If you automate them through tmux, send the prompt as literal text and submit with CSI-u Enter (`ESC [ 13 u`). This fast example intentionally uses shell `cat`; change the prompt to require the built-in `read` tool when that path is under test:

```sh
tmux send-keys -t "$TMUX_SESSION" -l '/goal Create /tmp/pi-codex-goal-fast.txt containing PI_GOAL_FAST_OK; verify with cat; mark complete; report final status.'
tmux send-keys -t "$TMUX_SESSION" -l $'\033[13u'
```

Normal `tmux send-keys Enter` works in many environments, but CSI-u Enter is the robust scripted path through Pi's TUI key parser.

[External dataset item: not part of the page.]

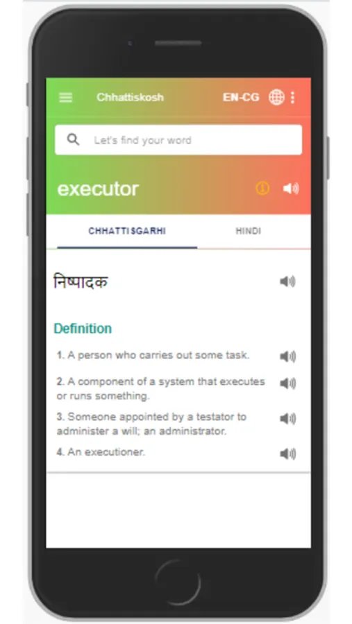 2. Using inbuilt speak functionality, you can listen to words or sentences. Click on speaker and app will read English words and Chhattisgarhi word.

The suites record failures as artifacts before reporting failure so the host can inspect the real target evidence. If a multi-suite target run fails before any suite starts, it writes a `warmup-failure` artifact directory with Crabbox stdout/stderr, timing, exit-code, and assertion evidence. `target.json` records the Crabbox provider, target, work root, and image/template identifiers used for the run. Each target also writes a `lease-cleanup` artifact directory with `crabbox.stop.*` files; cleanup failure is a failing test result. Ubuntu and Windows runs also invoke Crabbox cleanup for stale provider-owned state after stopping the owned lease. Static macOS SSH cleanup remains host-owned because Crabbox can only remove its local claim there.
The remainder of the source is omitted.